Due to the limitations of short read sequence alignment, the analysis between N2 and CB4858 is limited to sequential base substitutions, indels, and putative inversions with a length of 2 bp. In particular, inversions are a special subclass of sequential changes that occur through a single event. We identified all size classes of inversions in CB4856 and in CB4858 (Additional File 2). These account for only a small fraction [0.82% (110/13360) in CB4856 and 0.18% (76/42269) in CB4858] of all SNPs and do not affect the overall conclusions of our study. We note that in CB4858, the inversions may be downwardly biased due to the CB4858 sequencing method.

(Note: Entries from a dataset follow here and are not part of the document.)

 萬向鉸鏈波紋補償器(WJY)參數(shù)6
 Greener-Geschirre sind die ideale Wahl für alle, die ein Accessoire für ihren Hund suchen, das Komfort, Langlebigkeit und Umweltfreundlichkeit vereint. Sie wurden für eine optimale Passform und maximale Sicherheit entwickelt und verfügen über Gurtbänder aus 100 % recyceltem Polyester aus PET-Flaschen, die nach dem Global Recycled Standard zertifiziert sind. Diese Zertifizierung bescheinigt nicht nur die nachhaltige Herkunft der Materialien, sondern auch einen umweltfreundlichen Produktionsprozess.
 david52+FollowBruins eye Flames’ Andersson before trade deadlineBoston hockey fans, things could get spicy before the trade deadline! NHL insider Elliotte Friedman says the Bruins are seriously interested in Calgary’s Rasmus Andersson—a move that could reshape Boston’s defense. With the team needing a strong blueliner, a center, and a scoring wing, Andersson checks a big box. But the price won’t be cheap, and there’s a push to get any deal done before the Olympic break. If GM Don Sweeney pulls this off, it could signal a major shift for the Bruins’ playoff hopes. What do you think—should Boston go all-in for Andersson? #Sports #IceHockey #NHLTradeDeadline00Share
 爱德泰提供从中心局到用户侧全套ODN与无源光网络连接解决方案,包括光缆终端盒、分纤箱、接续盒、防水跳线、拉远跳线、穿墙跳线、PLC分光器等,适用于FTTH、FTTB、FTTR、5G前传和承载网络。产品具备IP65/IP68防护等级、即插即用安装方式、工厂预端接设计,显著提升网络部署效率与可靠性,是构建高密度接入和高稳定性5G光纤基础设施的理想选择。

Shifting patterns of Base substitution
The base substitution pattern when comparing N2 against the CB4858 isolate reveals a C. elegans transition over transversion bias of 1.32:1 (21145/15993; Table 2). However, when comparing N2 against CB4856, there is no transition over transversion bias (1:1 ratio; Table 2). Furthermore, in CB4856, there is a significant bias in the direction of base substitution. When comparing N2 against CB4856, the frequency of A or T bases in N2 that are G or C bases in CB4856 greatly outnumber the opposite frequencies for transitions as well as transversions. At equilibrium, the numbers of G:C to A:T differences between two genomes should be equal to the number of A:T to G:C differences. The shift in base substitution results in a significant detectable shift in base composition between N2 (35.44%GC) and CB4856 (37.77%GC). In particular, there is a significant difference between the following rates in the N2/CB4856 comparison: G →A lower than A→G; C →T lower than T →C; C →A lower than A→C; G→T lower than T→G. None of these differences were observed in the N2/CB4858 comparison (see Table 3).

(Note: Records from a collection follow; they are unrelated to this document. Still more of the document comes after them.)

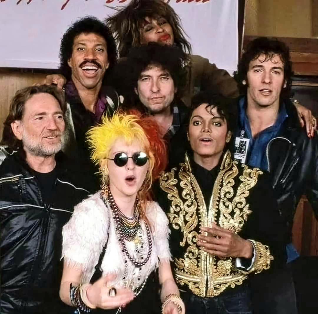 30. Willie Nelson, Lionel Richie, Tina Turner, Bob Dylan, Cyndi Lauper, Michael Jackson, and Bruce Springsteen during the recording of We Are The World in 1985
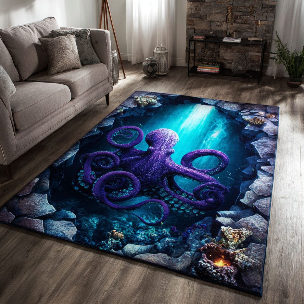Bold Deep-Octopus Area Rug — Vibrant Marine Octopus Accent Rug, Plush Low-Pile Nautical Decor For Living Room & Kids’ Spaces
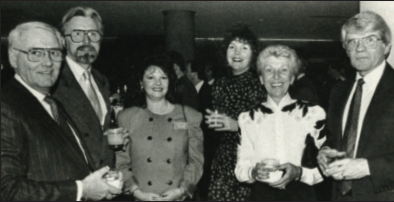 In February 1989, the Floor Covering Industry Foundation (FCIF) held its annual banquet during the Atlanta winter market and most industry leaders turned out. Shown here during the cocktail hour are, from left, Emmett Dineen of the International Design Center of New York (IDCNY); Chas Sydney, Michele Tedder and Donna Sydney of the Atlanta Mart; Jen Dineen, and Wade Newman of the National Association of Floor Covering Distributors (NAFCD).
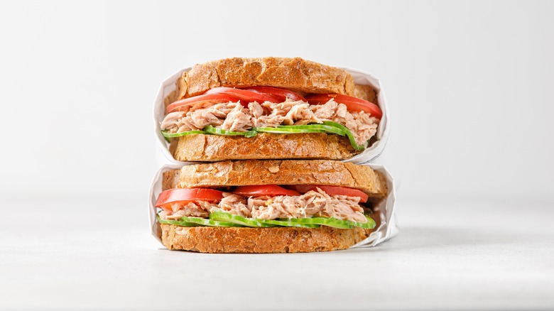 Now, tuna may be a popular lunchtime option, but there are plenty of ways to turn this classic sandwich on its head. For a deliciously green twist, tap into the green goddess salad craze for a delicious dressing swap on your classic tuna salad sandwich. Typically, you can enjoy this salad as a pre-made, purchasable dressing or even make it from scratch with Greek yogurt, lemon, capers, herbs, and spices. For something totally different, you can add soy sauce to your tuna salad to get a little extra umami flavor. What makes this option even better is that this is one of the secrets to Jimmy John's delicious tuna salad.
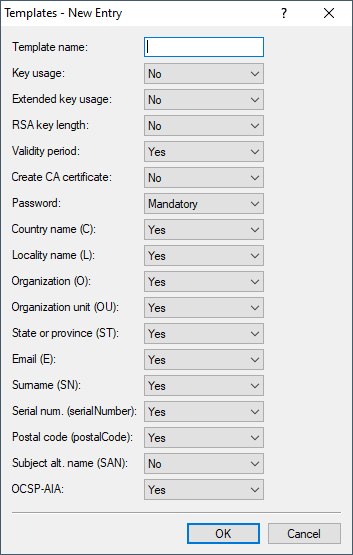 Note: If the Templates table is empty, the user can only see the input fields for the profile name, the common name (CN), and the password. The other profile fields retain the default values as set by the device administrator.
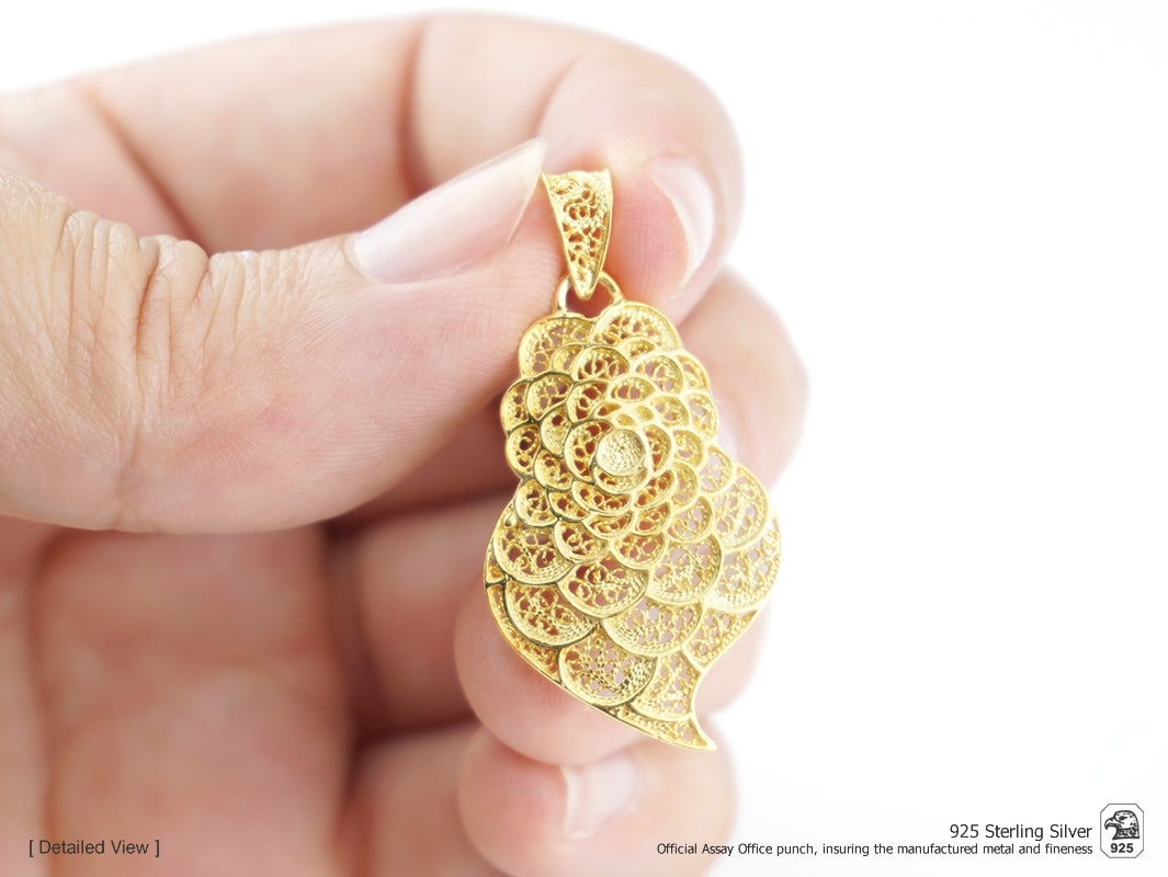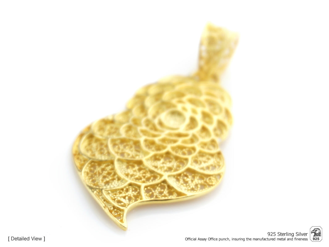 Médaille Petit Coeur aux Pétales, Filigrane Portugaise, Argent 925 Doré
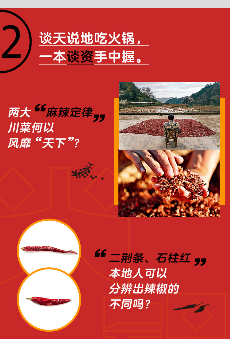 麻辣火鍋發展到今天,也面臨各種挑戰,如老油傳統與味道清薄的矛盾、精工湯底與繁雜蘸碟的衝突、麻辣程度與鮮香本色的不合、綠色飲食與化學食材的抵觸、公共環境與喧囂就餐氛圍的取捨等,這都需要對麻辣火鍋及文化做更深入的分析和總結。那麼,“地道風物”團隊推出的這本《火鍋》,對於川渝火鍋的正本清源和理清麻辣與川渝、川味的關係就十分必要了。

Table 2. Base substitutions (bs) in CB4856 and CB4858 relative to the N2 reference genome*.
Table 3. Bayesian Intervals for difference in rates between different types of transitions and transversions in CB4856 and CB4858.

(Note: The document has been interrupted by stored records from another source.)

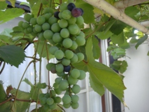 【軒下のブドウ】 6~7月の2度の台風で、ブドウの木がかなり傷めつけられましたが、 なんとか育ってきました。よく見ると雉鳩(きじばと)が巣を作っていた あたりの房の青い実が、少しづつ色づきはじめました。 どんな気象条件が影響したのかよく分りませんが、今年は1回消毒 しただけで、虫がほとんど付きませんでした。 雉鳩が巣作り子供飛び発った ブドウの棚の青い実色づく
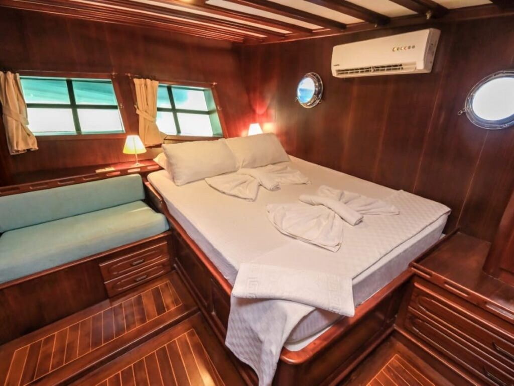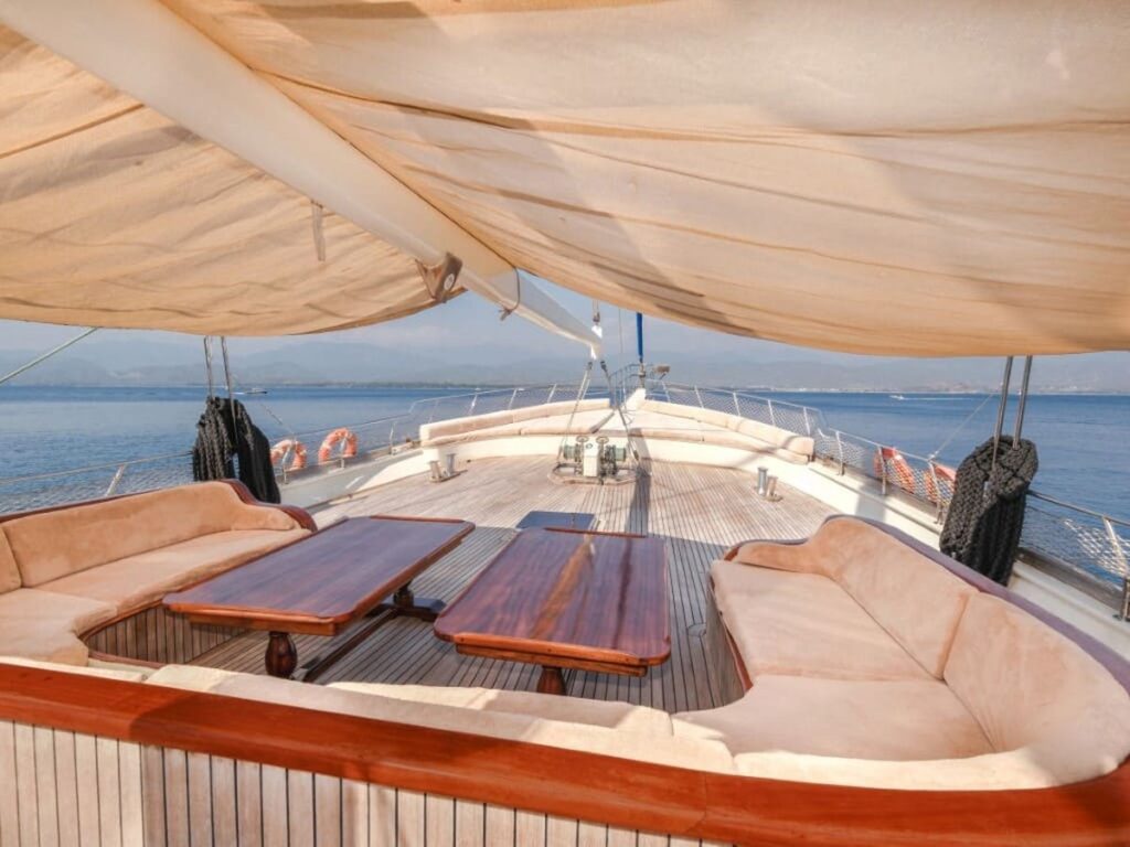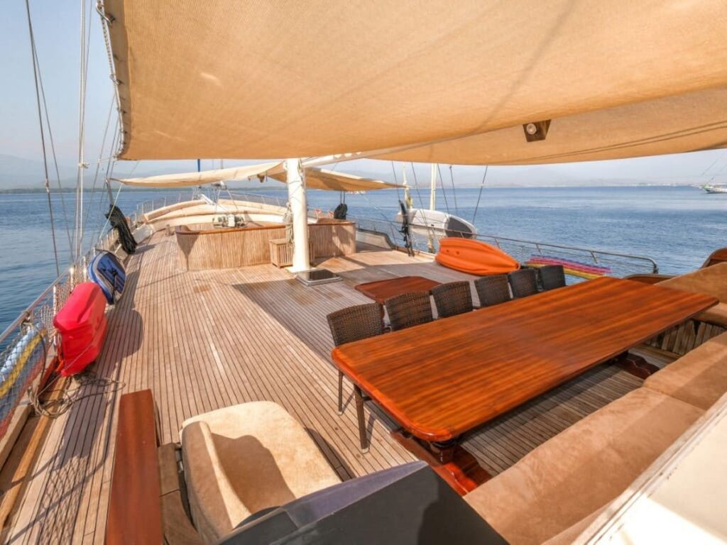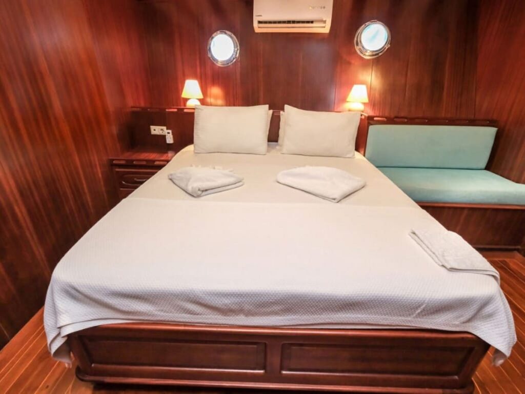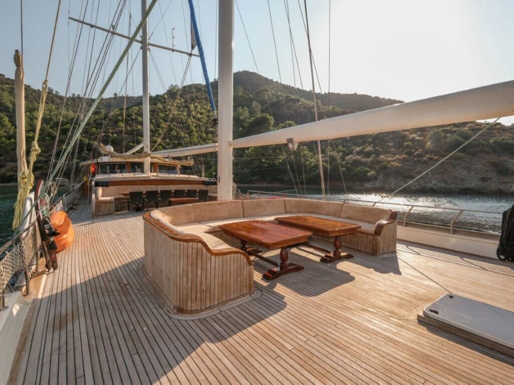 Ön ve arka güvertede bulunan yemek alanları tekne kapasitesini karşılıyor. Kabinler rahat ve klasik modern tarzda..
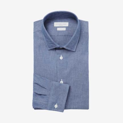 From Turnbull & Asser, this dark blue denim-cashmere shirt is the perfect blend of laid-back and luxury. Richard James has paired things back with its classic chambray — complete with the western pearl buttons as a nice nod to denim’s utilitarian beginnings. And Eton has a reliably chic take on the idea, with soft lightweight denim available in two fits.

The results shown here differ from the expectation of a significant mutation bias from G:C to A:T and G:C to T:A based on mutation accumulation lines . Because the base substitution pattern is consistent with the N2/CB4858 comparison, but different in CB4856, the change is likely either a change in the mutational mechanisms or shifting selective forces. CB4856 is a prime example of base compositional differences (percentage of the CB4856 genome that consists of the various nucleotides A, T, C, G) that can occur within a species.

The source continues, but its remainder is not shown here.